--- ENTRIES SUPPLIED ---

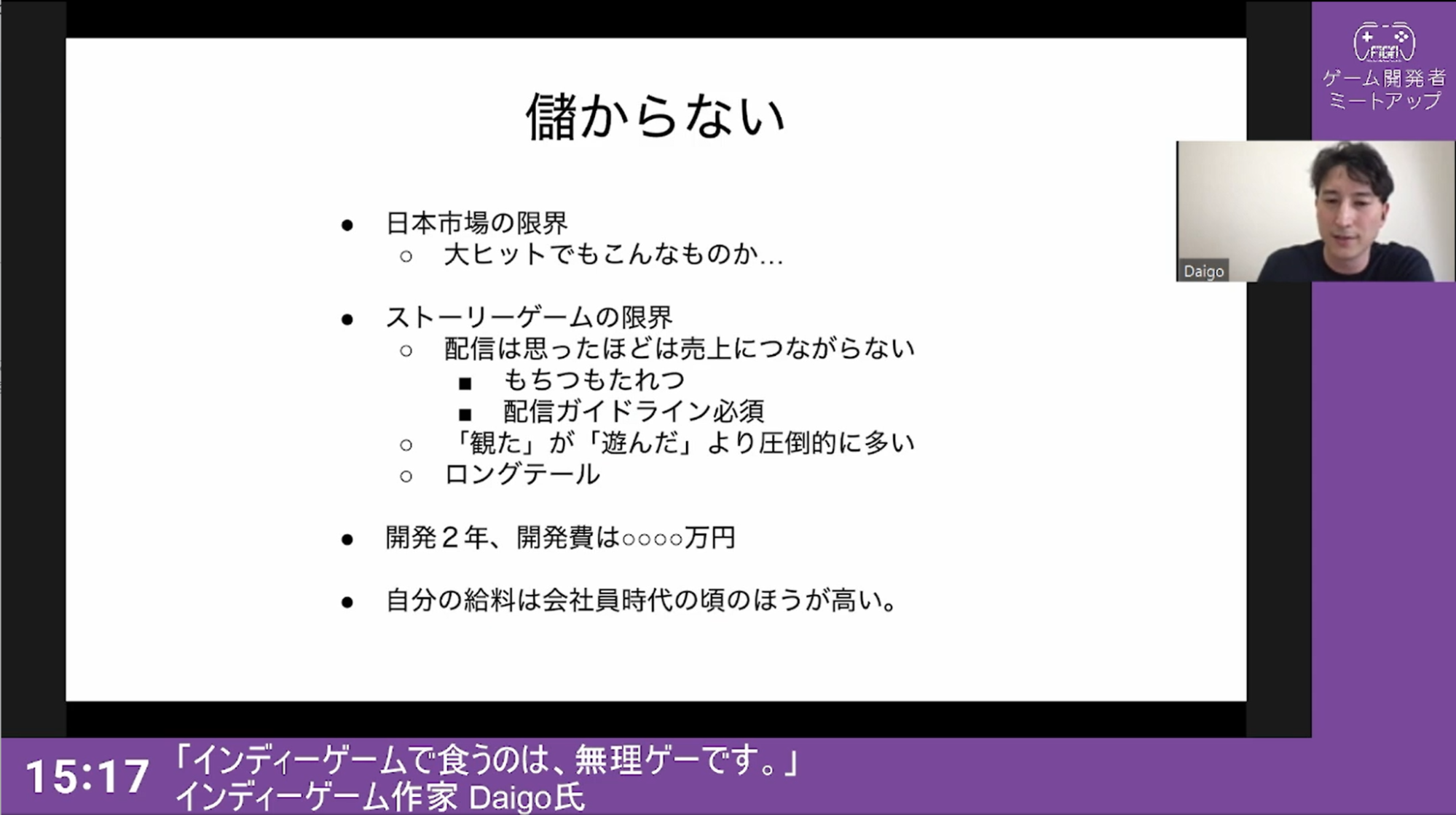 なお、福岡インディーゲーム協会での講演はもともと非常に生々しい数字を伴ったインディー開発者向けの内容だったが、いわゆる「まとめサイト」のようなゴシップサイトによって一部分の切り抜きを悪意の記事タイトルで拡散されてしまったため、本来の内容からはかなりマイルドにして届けしている。
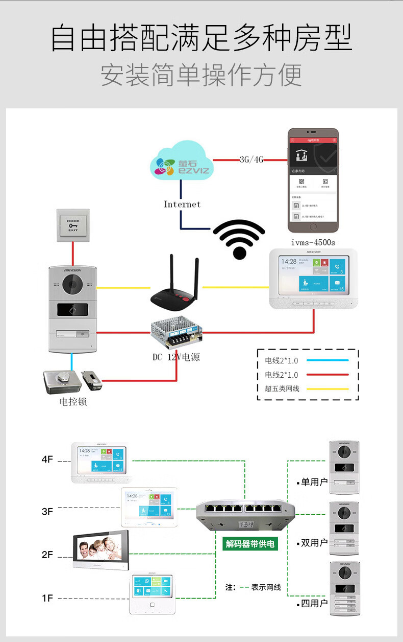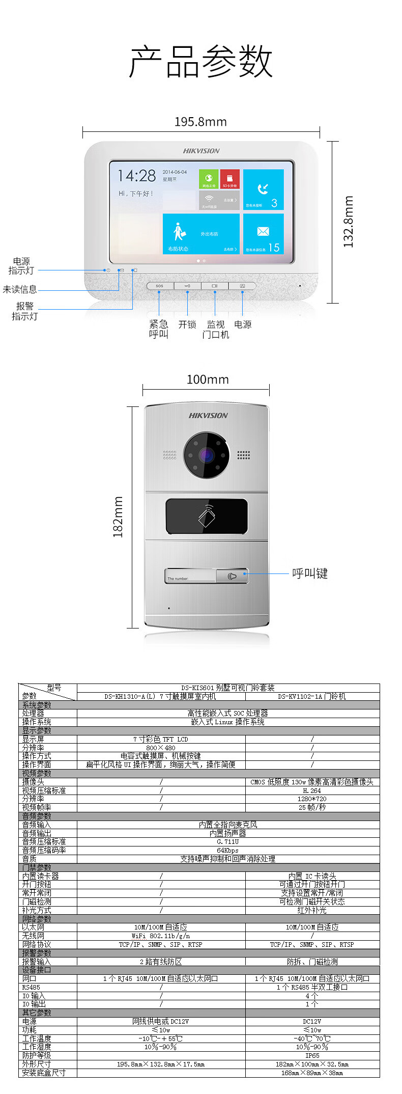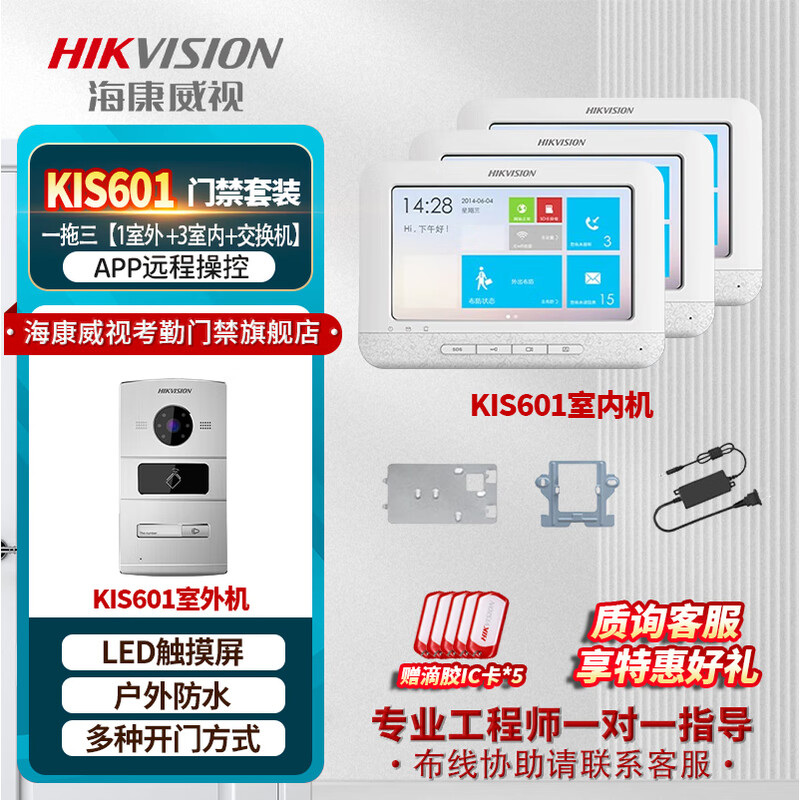 海康威视【别墅楼宇】可视对讲门禁主机 IC刷卡开门 智能电子猫眼人脸可视通话语音 实体按键DS-KIS601
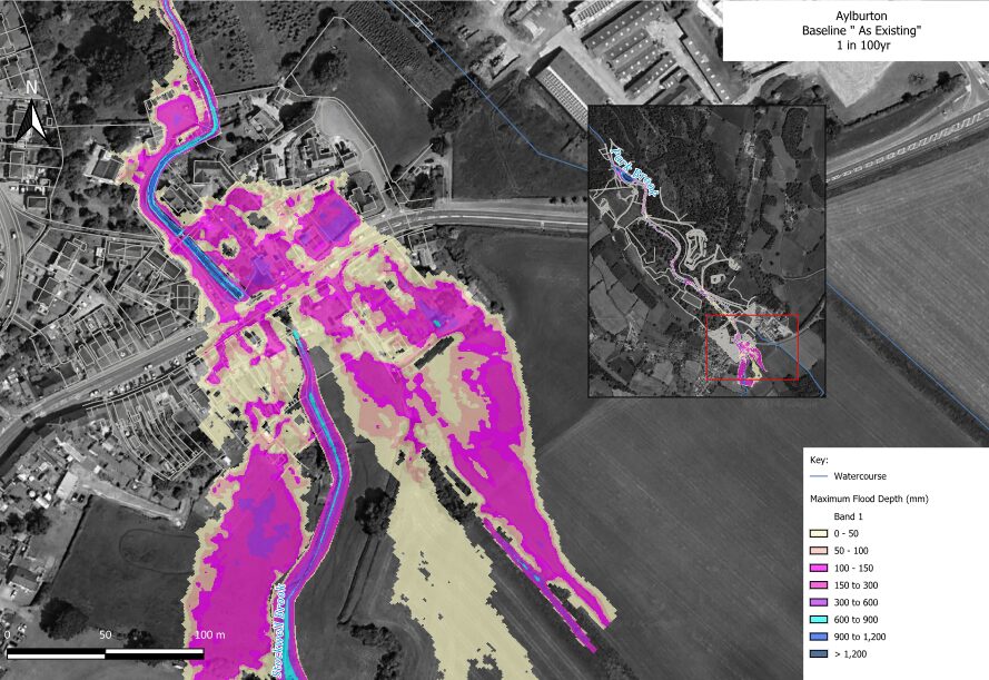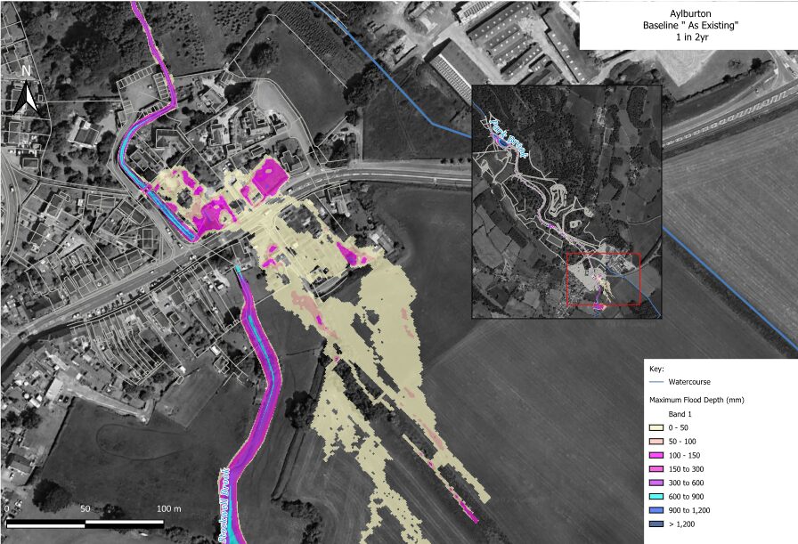 We have three model outputs. The first shows the results of a 1 in 2 year event, or an event that has a 50% chance of happening in any given year, the second is the results of a 1 in 30 year event (3.3% chance in any given year) and finally a 1 in 100 year event, or one that has a 1% chance of happening in any given year. The 1 in 2 year event is a much more frequently occurring event, while the 1 in 100 year event is a more extreme event. Please note, the model only shows the risk from the watercourse, it does not include surface water flooding.
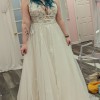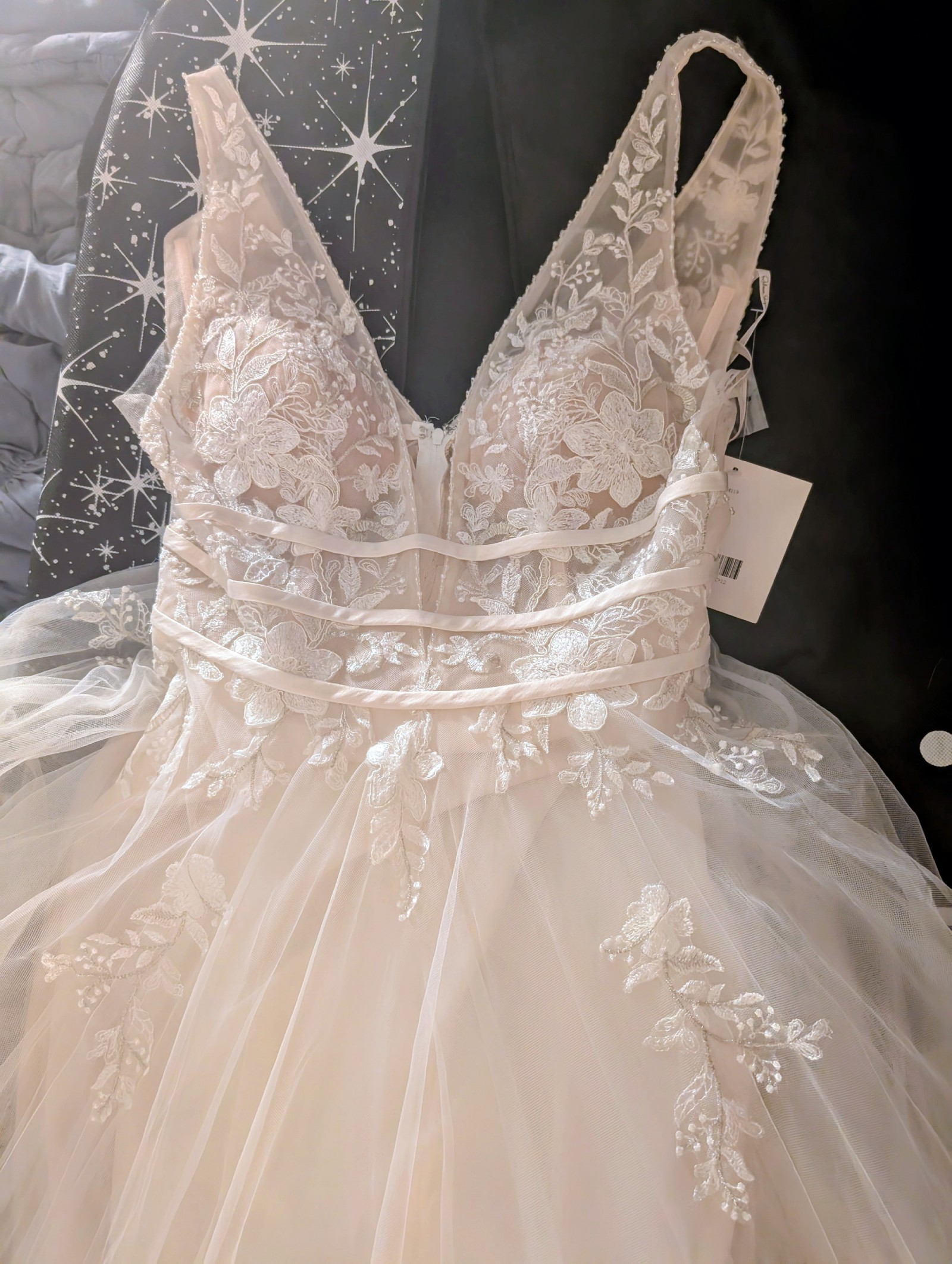 It's still in the bag I picked it up in, only unzipped it once, and then I fell in love with another dress! All pictures are of me in the sample, but the actual gown I'm selling is brand new, no alterations. Please don't hesitate to ask questions!
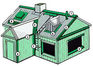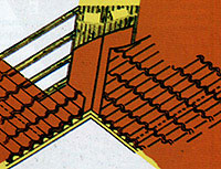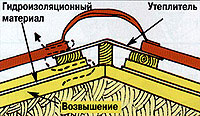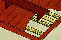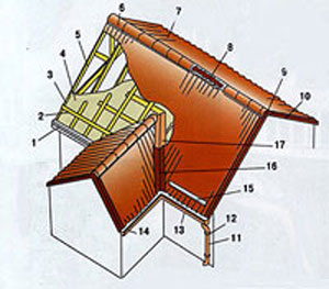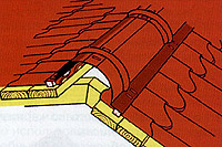 Гидроизоляционный материал (прокладку) устанавливают внахлест от карниза к коньку, при этом под коньком должен быть зазор не менее 50 мм для беспрепят-ственного испарения влаги (если чердачное помещение теплое). Обрешетка должна быть выполнена так, чтобы воздух беспрепятственно проникал от карниза под конек крыши. Вентиляционные отверстия устанавливаются в самом высоком месте кровли. Складские помещения и неотапливаемые чердаки проветриваются через торцевые окошки. В особо сырых помещениях вентиляция должна быть принудительной.
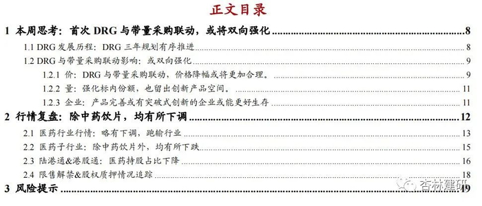 1 本周思考:首次DRG与带量采购联动,或将双向强化
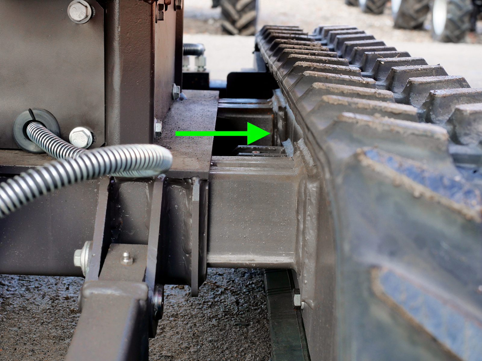 Le châssis à voie variable assure une stabilité optimale sur terrain irrégulier, tandis que le bras déportable augmente la productivité dans les zones difficiles d’accès.
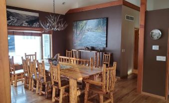 The house has vaulted ceilings throughout the main floor, offering a very spacious feeling along with great views of the mountain vistas. Enjoy a cozy cabin feel in the locally grown, hand crafted rustic log furniture. The craftsman who made this furniture created one-of-a-kind pieces for our home.

---

EXERCISE DETAILS
With the pictures omitted, set down each line exactly, starting at the first line of the records above and ending with the line that contains "海康威视【别墅楼宇】可视对讲门禁主机 IC刷卡开门 智能电子猫眼人脸可视通话语音".

EXERCISE ANSWER
 なお、福岡インディーゲーム協会での講演はもともと非常に生々しい数字を伴ったインディー開発者向けの内容だったが、いわゆる「まとめサイト」のようなゴシップサイトによって一部分の切り抜きを悪意の記事タイトルで拡散されてしまったため、本来の内容からはかなりマイルドにして届けしている。
 海康威视【别墅楼宇】可视对讲门禁主机 IC刷卡开门 智能电子猫眼人脸可视通话语音 实体按键DS-KIS601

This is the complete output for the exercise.